_GOAL OF THE EXERCISE_. Omit all pictures and transcribe only the lines in the entries below that run from the line with "Child Clothing Girl" through the line with "Цвет ручкиЧерный |".

_DATASET_.
↓↓↓

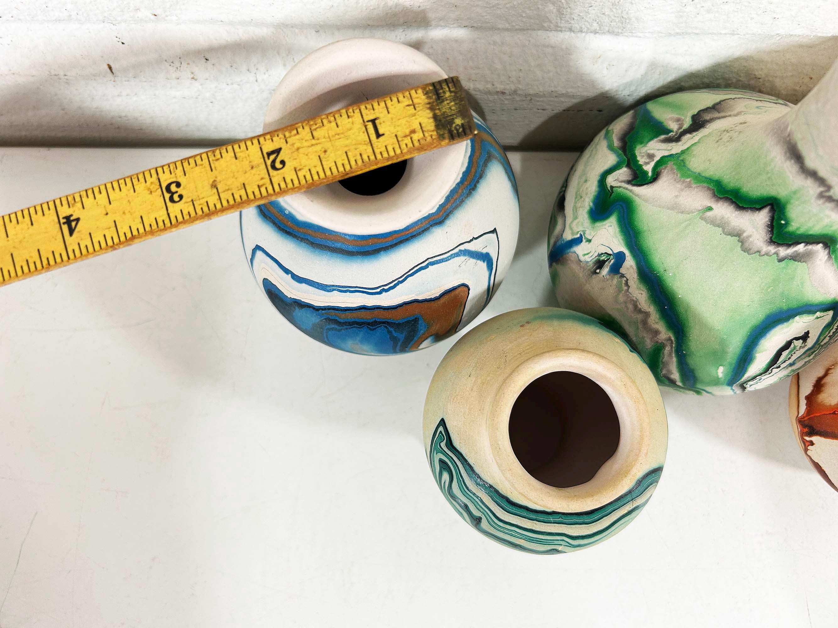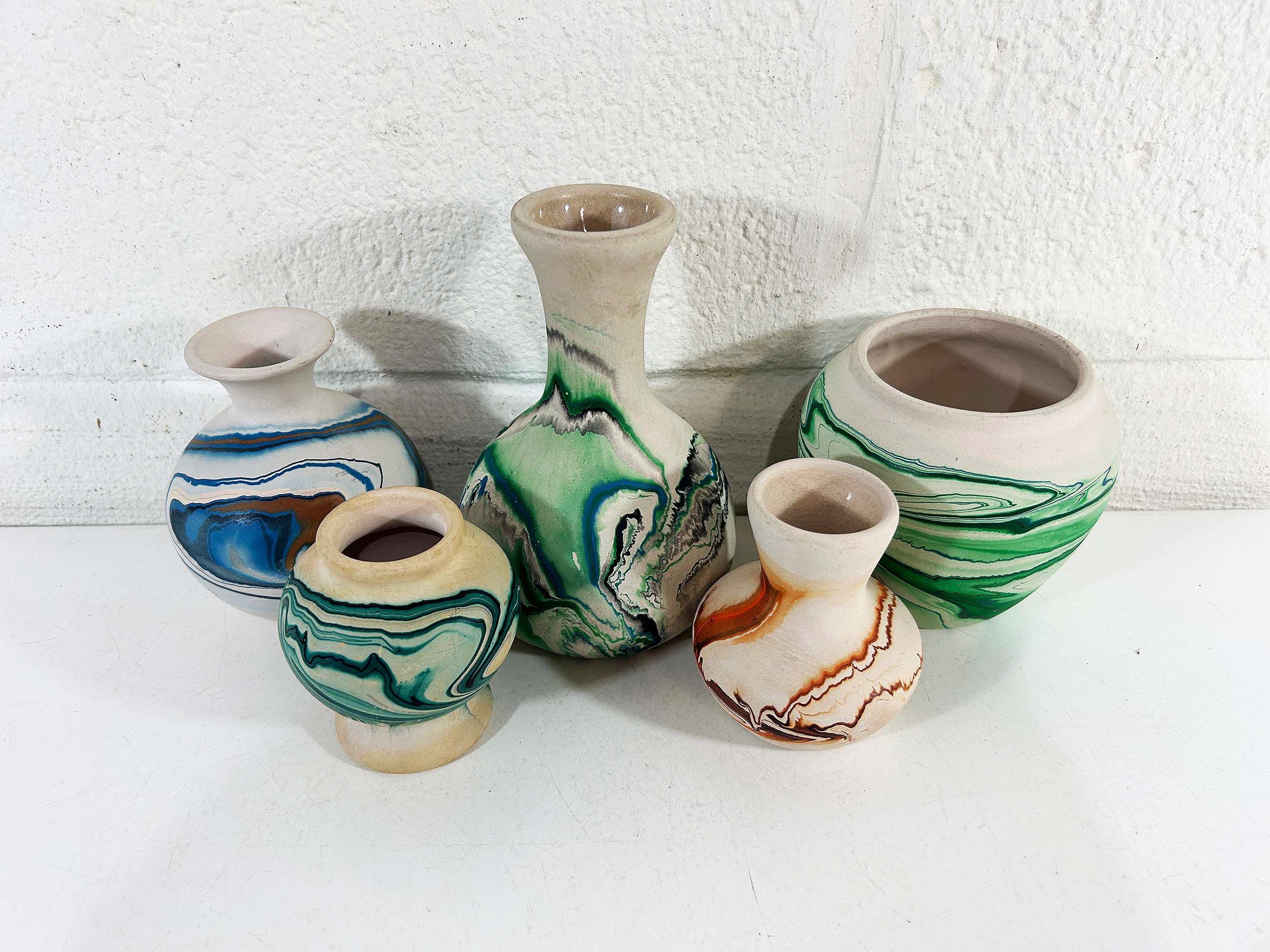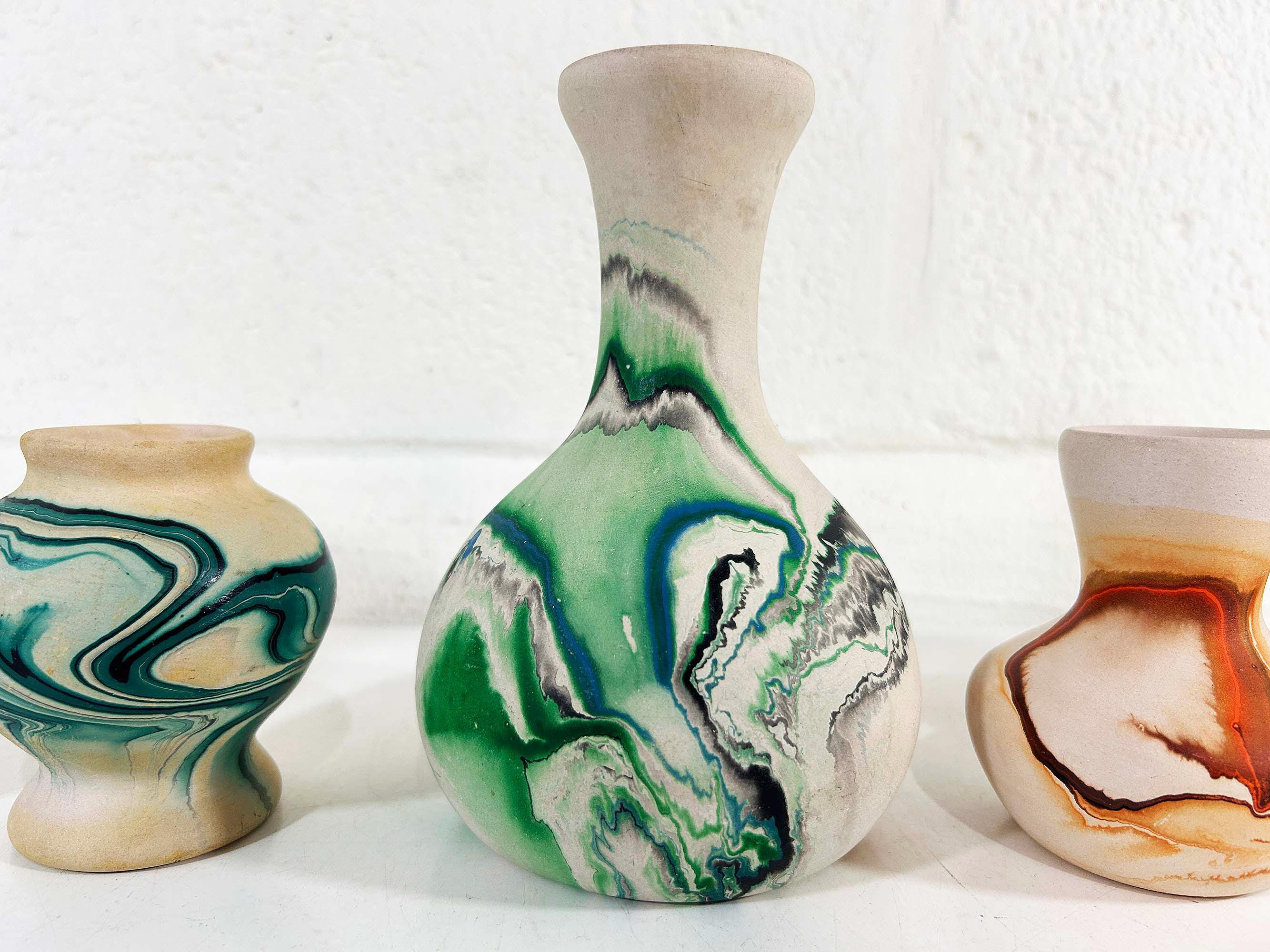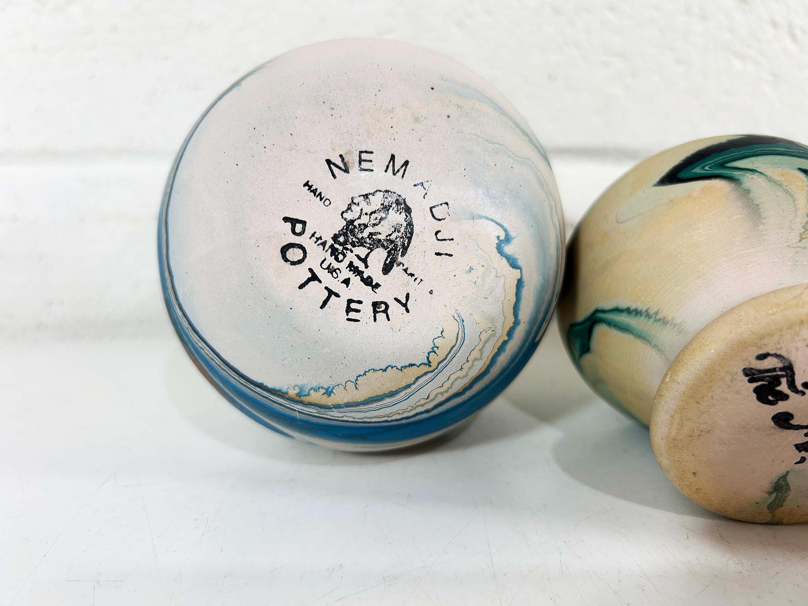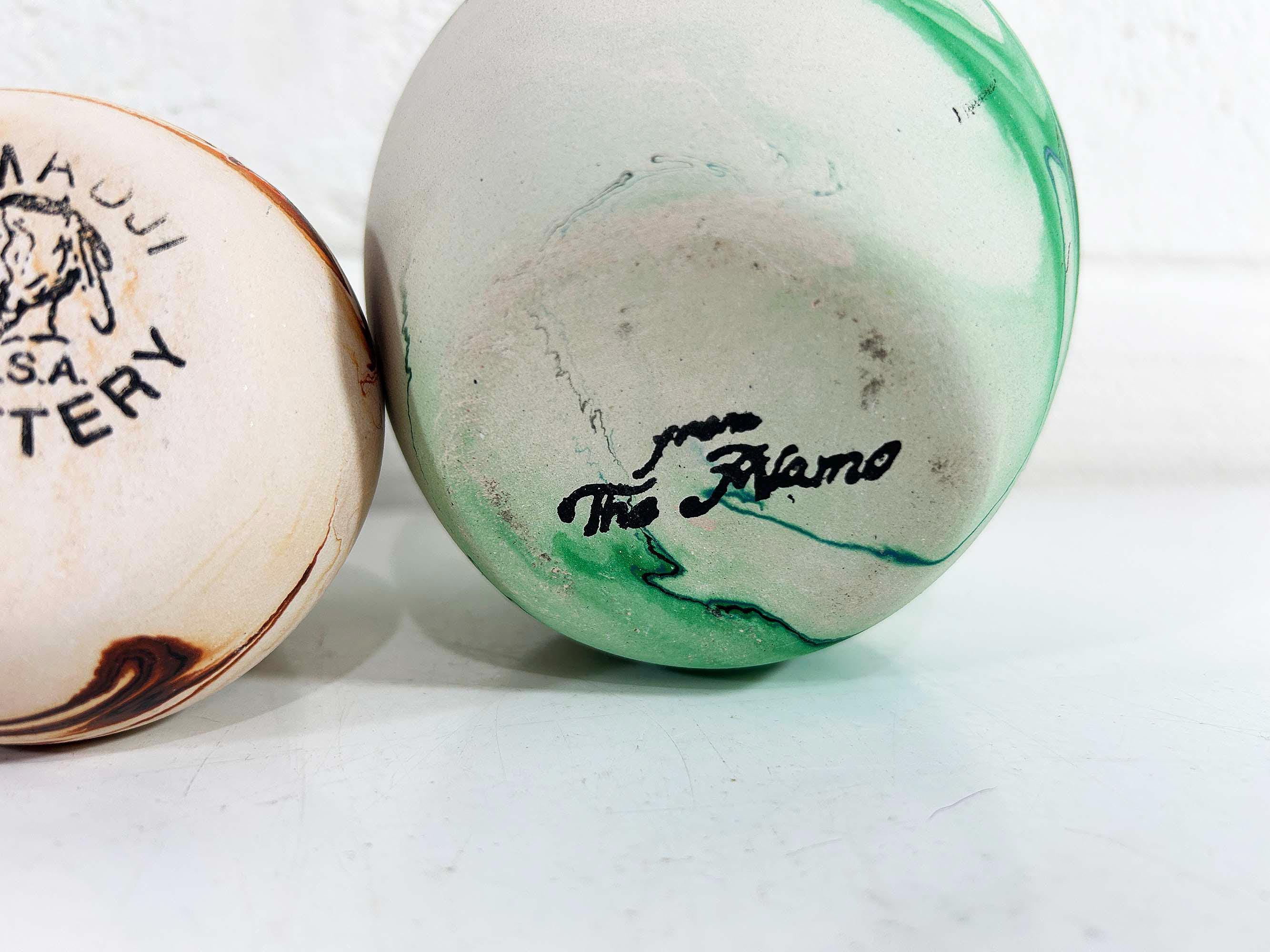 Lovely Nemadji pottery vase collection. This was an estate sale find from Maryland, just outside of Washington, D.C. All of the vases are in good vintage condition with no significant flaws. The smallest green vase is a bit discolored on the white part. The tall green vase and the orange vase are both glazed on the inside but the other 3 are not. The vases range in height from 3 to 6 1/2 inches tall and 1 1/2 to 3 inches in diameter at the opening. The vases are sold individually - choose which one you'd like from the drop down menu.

↑↑↑
↓↓↓

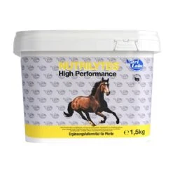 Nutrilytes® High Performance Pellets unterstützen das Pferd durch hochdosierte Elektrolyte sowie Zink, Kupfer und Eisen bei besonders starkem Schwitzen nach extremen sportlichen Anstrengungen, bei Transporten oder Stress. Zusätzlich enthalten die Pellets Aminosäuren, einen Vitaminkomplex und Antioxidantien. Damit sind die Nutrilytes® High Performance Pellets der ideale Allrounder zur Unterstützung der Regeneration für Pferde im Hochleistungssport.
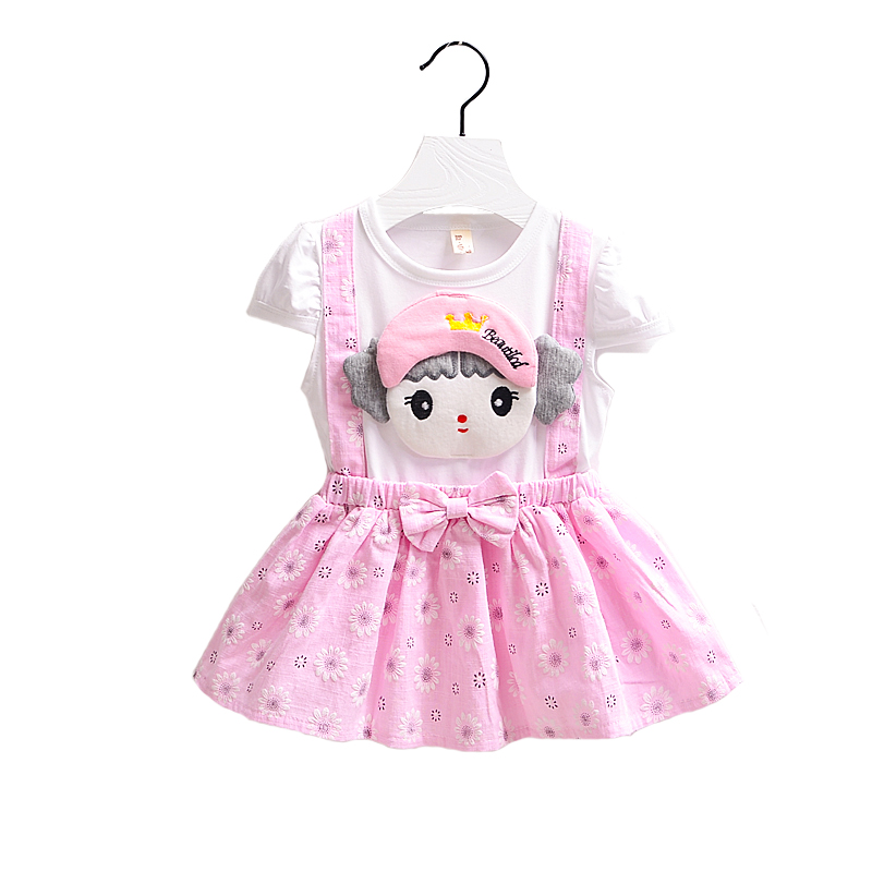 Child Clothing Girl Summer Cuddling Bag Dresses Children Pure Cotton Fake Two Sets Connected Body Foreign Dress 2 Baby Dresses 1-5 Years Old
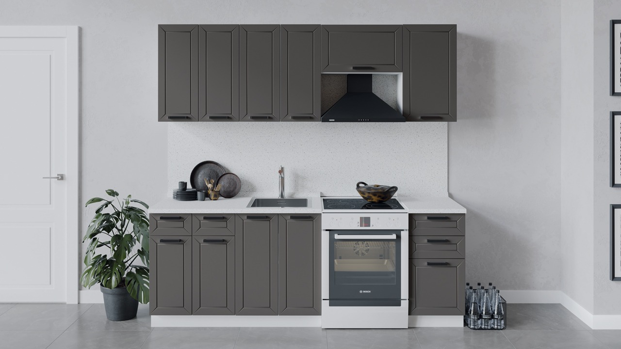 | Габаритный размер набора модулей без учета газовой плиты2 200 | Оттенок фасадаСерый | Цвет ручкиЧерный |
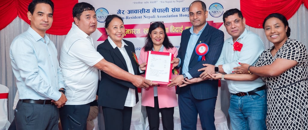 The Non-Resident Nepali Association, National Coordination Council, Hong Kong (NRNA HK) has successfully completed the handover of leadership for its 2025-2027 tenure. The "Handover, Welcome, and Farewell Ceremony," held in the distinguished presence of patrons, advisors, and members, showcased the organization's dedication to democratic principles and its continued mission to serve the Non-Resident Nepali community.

↑↑↑

_RESULT OF THE EXERCISE_.
 Child Clothing Girl Summer Cuddling Bag Dresses Children Pure Cotton Fake Two Sets Connected Body Foreign Dress 2 Baby Dresses 1-5 Years Old
 | Габаритный размер набора модулей без учета газовой плиты2 200 | Оттенок фасадаСерый | Цвет ручкиЧерный |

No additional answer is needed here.